* [What you need to do]: What's wanted here is the full listing below, repeated exactly, with no images in it.

* [Provided records]:

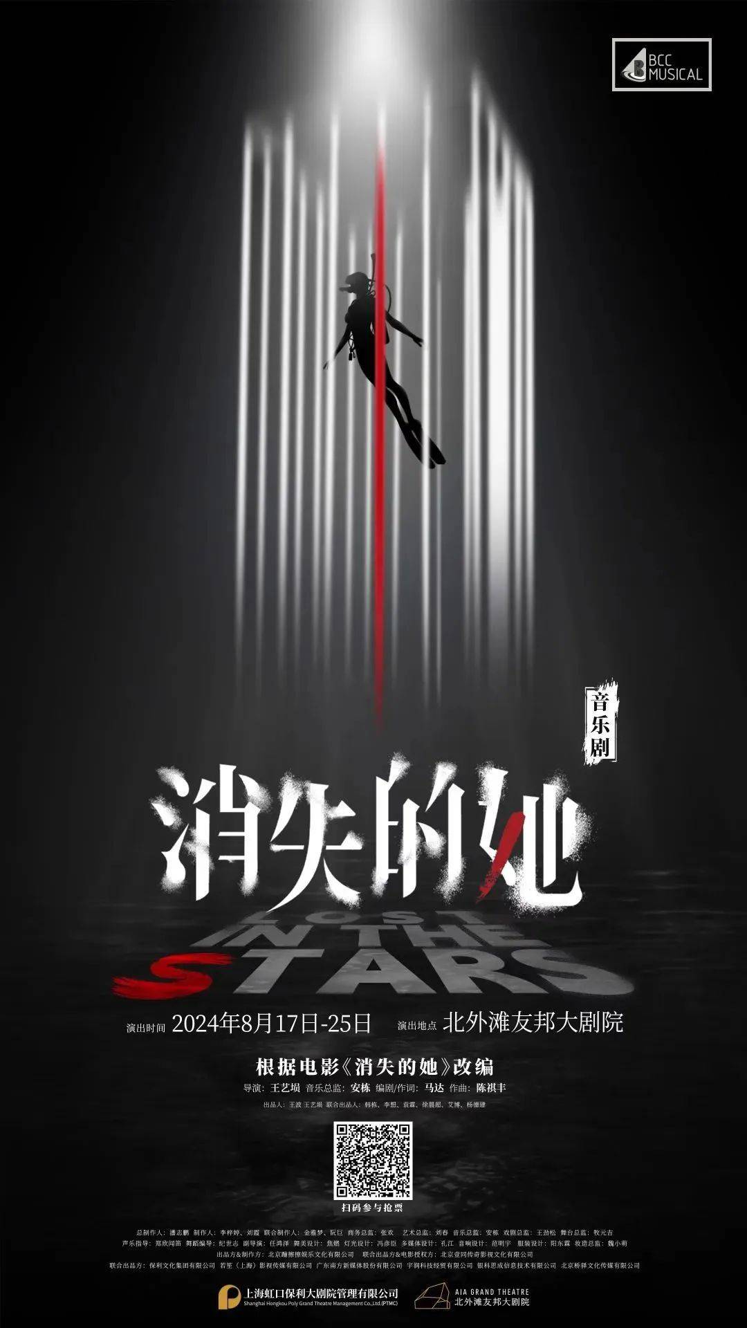 2024年8月17日至25日,由蹦擦擦娱乐出品的大型原创音乐剧《消失的她》将在北外滩友邦大剧院连演11场。这是北外滩友邦大剧院自去年9月开幕以来,为广大观众再度奉上精品优质原创音乐剧。
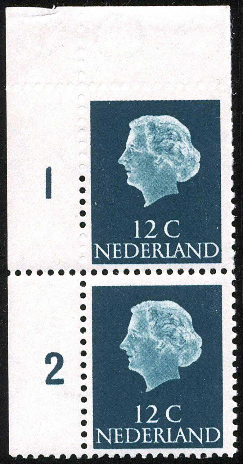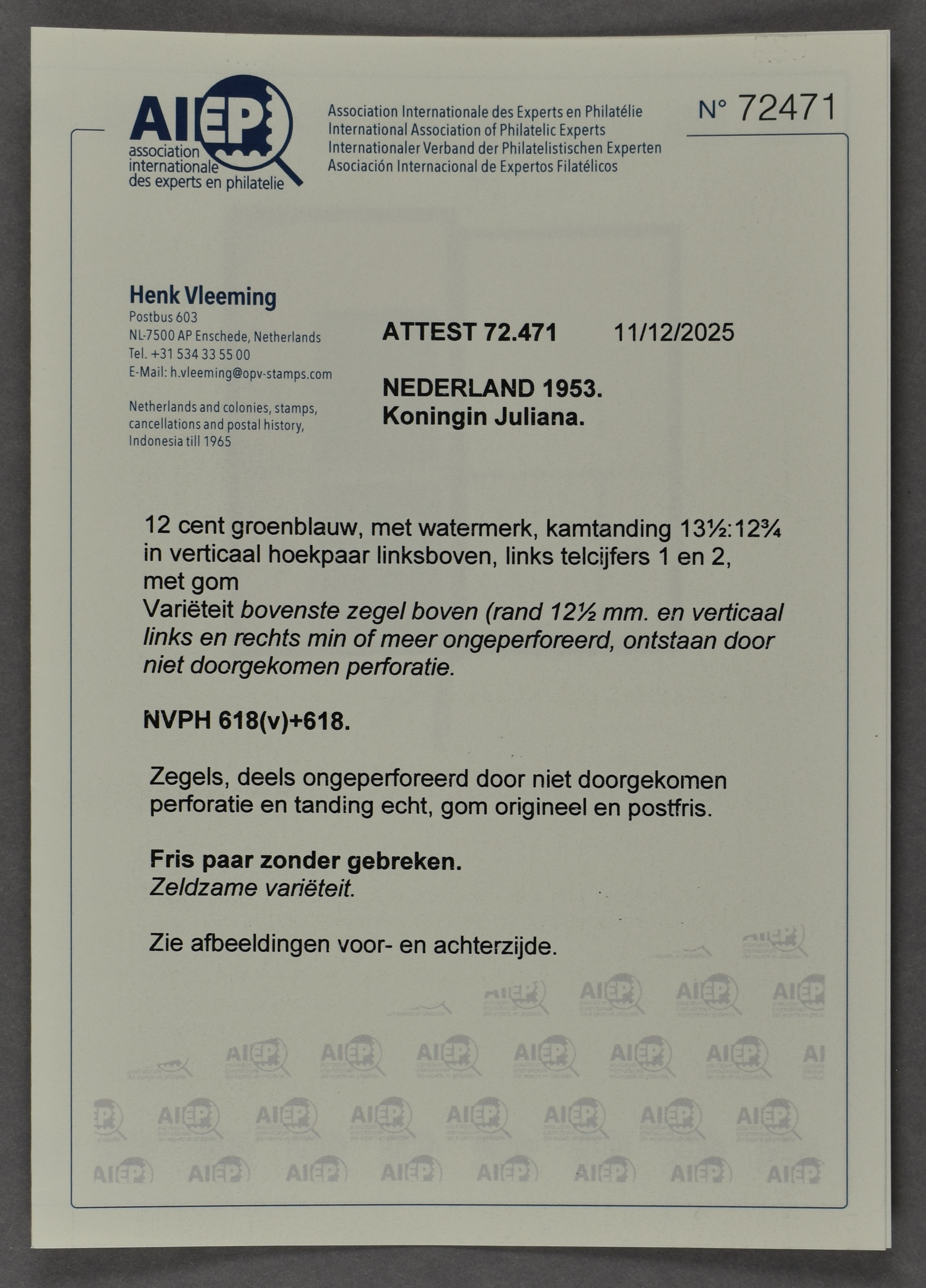 618v, 12 c groenblauw met variëteit: bovenzijde en aan linker- en rechterzijde min of meer ongeperforeerd, in postfris paar met nr. 618 en certificaat Vleeming (2025) € 2500 (Image) (Image2)
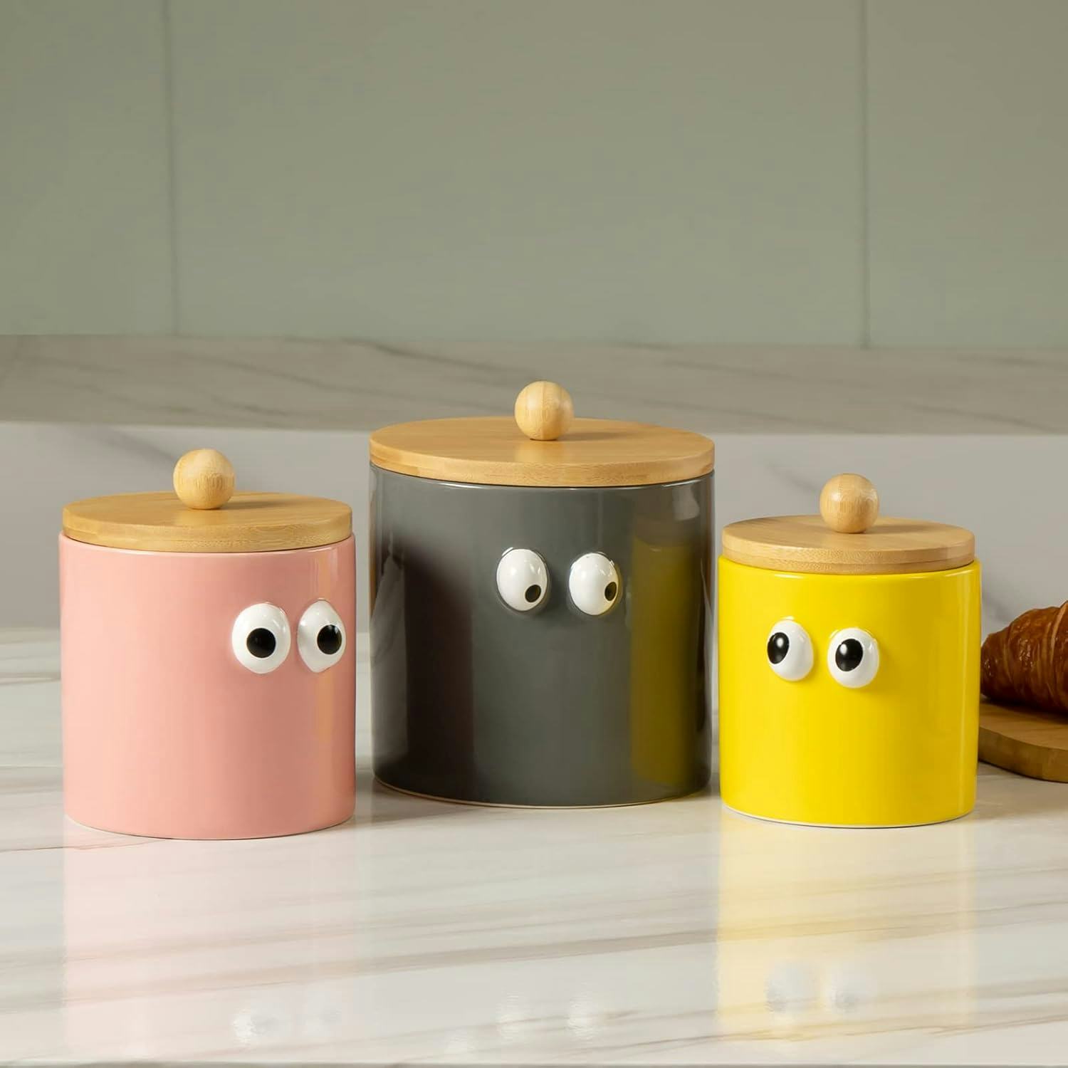 Эти забавные кухонные контейнеры с глазками наверняка оживят ваше пространство и вызовут улыбку! Они изготовлены из керамики с бамбуковыми крышками и имеют очаровательный дизайн с широко раскрытыми глазами. Они идеально подходят для хранения кофе, муки, сахара, печенья или любых других сухих продуктов.
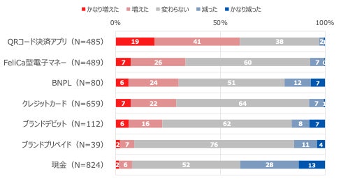 ■  現金の利用は、1年間で41%の人が減少。中でも13%の人が「かなり利用が減った」と回答
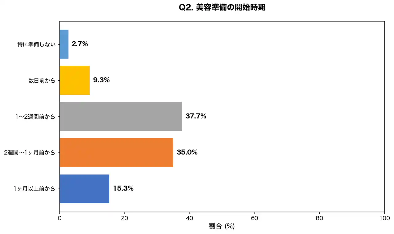 | 設問:イベント前の美容準備は、通常どのくらい前から始めますか? | ||||||||||||||||||||||||||||

* [Final answer]:
 2024年8月17日至25日,由蹦擦擦娱乐出品的大型原创音乐剧《消失的她》将在北外滩友邦大剧院连演11场。这是北外滩友邦大剧院自去年9月开幕以来,为广大观众再度奉上精品优质原创音乐剧。
 618v, 12 c groenblauw met variëteit: bovenzijde en aan linker- en rechterzijde min of meer ongeperforeerd, in postfris paar met nr. 618 en certificaat Vleeming (2025) € 2500 (Image) (Image2)
 Эти забавные кухонные контейнеры с глазками наверняка оживят ваше пространство и вызовут улыбку! Они изготовлены из керамики с бамбуковыми крышками и имеют очаровательный дизайн с широко раскрытыми глазами. Они идеально подходят для хранения кофе, муки, сахара, печенья или любых других сухих продуктов.
 ■  現金の利用は、1年間で41%の人が減少。中でも13%の人が「かなり利用が減った」と回答
 | 設問:イベント前の美容準備は、通常どのくらい前から始めますか? | ||||||||||||||||||||||||||||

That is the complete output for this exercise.